# Creative Commons DSD Data Exploration/Engineering Scratchwork

Before doing anything, here are the packages needed:

In [1]:
import requests
import numpy as np
import pandas as pd
import os
import random
import time

## Exponential Backoff

This section will implement exponential backoff.
<br> Querying functions will include a call to `expo_backoff` for waiting.

In [2]:
CALLBACK_INDEX = 2
CALLBACK_EXPO = 0
MAX_WAIT = 64

In [3]:
def expo_backoff():
    """Performs exponential backoff upon call.
    
    The function will force a wait of CALLBACK_INDEX ** CALLBACK_EXPO + r seconds,
    where r is a decimal number between 0.001 and 0.999, inclusive.
    If that value is higher than MAX_WAIT, then it will just wait MAX_WAIT seconds
    instead.
    """
    global CALLBACK_EXPO
    backoff = random.randint(1, 1000) / 1000 + CALLBACK_INDEX ** CALLBACK_EXPO
    time.sleep(min(backoff, MAX_WAIT))
    if backoff < MAX_WAIT:
        CALLBACK_EXPO += 1

def expo_backoff_reset():
    """Resets the CALLBACK_EXPO to 0.
    """
    global CALLBACK_EXPO
    CALLBACK_EXPO = 0

## Google Custom Search

Credentials are listed below, as well as the file we write data onto:

In [19]:
API_KEY = "CENSORED"
PSE_KEY = "CENSORED"
DATA_WRITE_FILE = os.getcwd() + "/GoogleCustomSearch/data_20220925.txt"

### Sampling Method

The objective is to attain the approximate total number of pages that are CC attributed in the following scopes:
1. Without assumption of originating country and document language.
2. With assumption to type of license.
3. With assumption of originating country.
4. With assumption of originating language.
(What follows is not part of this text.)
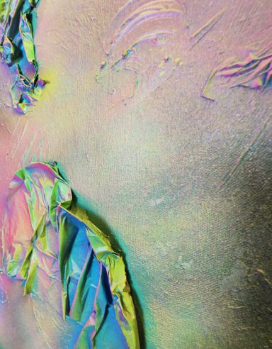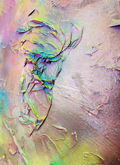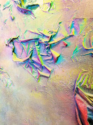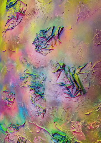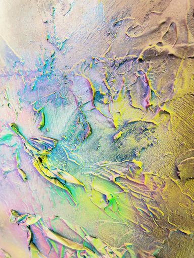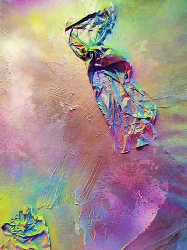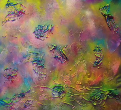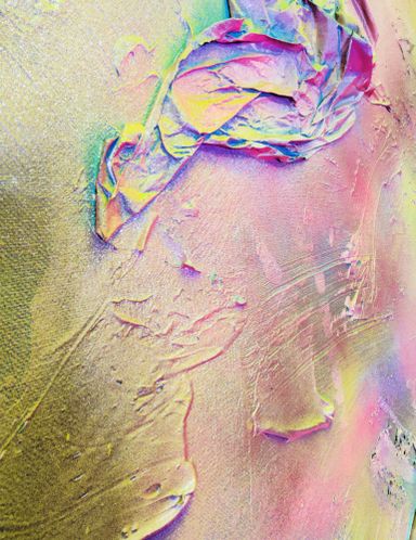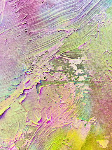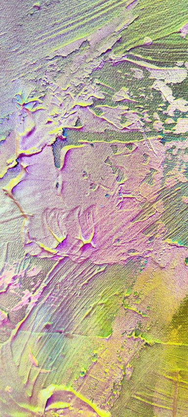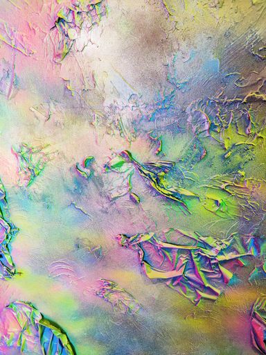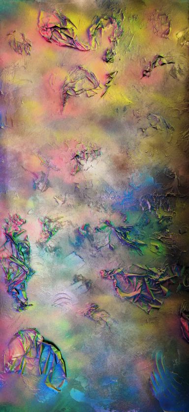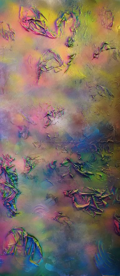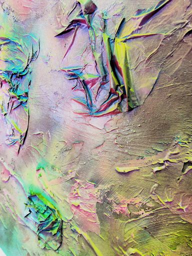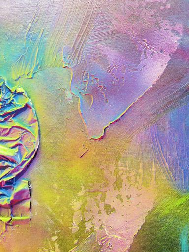 Das Spray legt sich wie ein atmosphärischer Schleier über das Werk. Die Farben – Pink, Gelb, Grün, Türkis, irisierende Übergänge – fließen ineinander, ohne Dominanz. Sie wirken emotional statt narrativ.

We will define a CC-attributed page as a page that contains a link towards the license type's description from `creativecommons.org`, because that was the purposed method of attributing a work to CC Licenses.
<br> We approximate the total number of CC attributed pages via the number of results from a query. However, since many pages are not listed on the Google Search Engine, we will take some complementary data later to get a better count of total CC-attributed works.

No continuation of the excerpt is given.